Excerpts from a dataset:
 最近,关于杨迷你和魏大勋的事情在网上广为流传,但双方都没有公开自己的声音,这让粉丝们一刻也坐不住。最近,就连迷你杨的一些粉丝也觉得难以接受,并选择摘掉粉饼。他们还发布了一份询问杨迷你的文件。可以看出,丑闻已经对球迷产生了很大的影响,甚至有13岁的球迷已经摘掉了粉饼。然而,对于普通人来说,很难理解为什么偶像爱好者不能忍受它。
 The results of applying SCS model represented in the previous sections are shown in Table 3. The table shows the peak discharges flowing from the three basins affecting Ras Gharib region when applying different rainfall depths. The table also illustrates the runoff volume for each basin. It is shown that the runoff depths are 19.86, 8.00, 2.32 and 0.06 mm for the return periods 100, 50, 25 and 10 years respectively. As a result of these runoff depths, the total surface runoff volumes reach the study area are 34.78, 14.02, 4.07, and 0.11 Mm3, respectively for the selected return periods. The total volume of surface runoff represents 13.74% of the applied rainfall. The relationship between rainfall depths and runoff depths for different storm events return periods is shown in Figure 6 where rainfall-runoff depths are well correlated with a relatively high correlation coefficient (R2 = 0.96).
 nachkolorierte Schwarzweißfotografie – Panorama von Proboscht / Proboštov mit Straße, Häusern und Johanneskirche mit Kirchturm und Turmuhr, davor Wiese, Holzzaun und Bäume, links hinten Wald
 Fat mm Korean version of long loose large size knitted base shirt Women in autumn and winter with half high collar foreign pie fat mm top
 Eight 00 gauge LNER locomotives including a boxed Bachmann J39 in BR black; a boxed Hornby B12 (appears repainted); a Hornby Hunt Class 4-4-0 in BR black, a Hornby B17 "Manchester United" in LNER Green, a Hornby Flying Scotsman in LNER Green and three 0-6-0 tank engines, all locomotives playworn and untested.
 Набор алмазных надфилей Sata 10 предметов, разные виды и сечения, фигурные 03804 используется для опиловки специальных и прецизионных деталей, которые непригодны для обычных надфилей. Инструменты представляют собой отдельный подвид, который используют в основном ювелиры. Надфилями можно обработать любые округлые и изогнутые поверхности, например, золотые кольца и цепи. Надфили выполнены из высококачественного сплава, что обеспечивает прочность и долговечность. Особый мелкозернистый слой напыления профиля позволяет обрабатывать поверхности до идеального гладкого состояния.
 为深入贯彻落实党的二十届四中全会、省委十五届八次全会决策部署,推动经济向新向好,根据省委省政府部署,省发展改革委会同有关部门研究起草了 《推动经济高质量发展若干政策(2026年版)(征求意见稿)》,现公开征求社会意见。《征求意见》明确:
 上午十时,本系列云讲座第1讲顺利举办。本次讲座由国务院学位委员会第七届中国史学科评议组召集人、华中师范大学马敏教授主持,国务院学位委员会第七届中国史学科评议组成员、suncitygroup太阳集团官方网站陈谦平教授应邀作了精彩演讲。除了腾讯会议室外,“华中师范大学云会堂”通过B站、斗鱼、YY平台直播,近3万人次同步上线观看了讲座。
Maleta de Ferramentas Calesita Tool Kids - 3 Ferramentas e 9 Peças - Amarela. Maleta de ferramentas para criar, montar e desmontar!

Directions: Write out exactly the lines from the one with "Eight 00 gauge" through the end of the records above, both ends included, and leave out all other lines.

Solution to this exercise:
 Eight 00 gauge LNER locomotives including a boxed Bachmann J39 in BR black; a boxed Hornby B12 (appears repainted); a Hornby Hunt Class 4-4-0 in BR black, a Hornby B17 "Manchester United" in LNER Green, a Hornby Flying Scotsman in LNER Green and three 0-6-0 tank engines, all locomotives playworn and untested.
 Набор алмазных надфилей Sata 10 предметов, разные виды и сечения, фигурные 03804 используется для опиловки специальных и прецизионных деталей, которые непригодны для обычных надфилей. Инструменты представляют собой отдельный подвид, который используют в основном ювелиры. Надфилями можно обработать любые округлые и изогнутые поверхности, например, золотые кольца и цепи. Надфили выполнены из высококачественного сплава, что обеспечивает прочность и долговечность. Особый мелкозернистый слой напыления профиля позволяет обрабатывать поверхности до идеального гладкого состояния.
 为深入贯彻落实党的二十届四中全会、省委十五届八次全会决策部署,推动经济向新向好,根据省委省政府部署,省发展改革委会同有关部门研究起草了 《推动经济高质量发展若干政策(2026年版)(征求意见稿)》,现公开征求社会意见。《征求意见》明确:
 上午十时,本系列云讲座第1讲顺利举办。本次讲座由国务院学位委员会第七届中国史学科评议组召集人、华中师范大学马敏教授主持,国务院学位委员会第七届中国史学科评议组成员、suncitygroup太阳集团官方网站陈谦平教授应邀作了精彩演讲。除了腾讯会议室外,“华中师范大学云会堂”通过B站、斗鱼、YY平台直播,近3万人次同步上线观看了讲座。
Maleta de Ferramentas Calesita Tool Kids - 3 Ferramentas e 9 Peças - Amarela. Maleta de ferramentas para criar, montar e desmontar!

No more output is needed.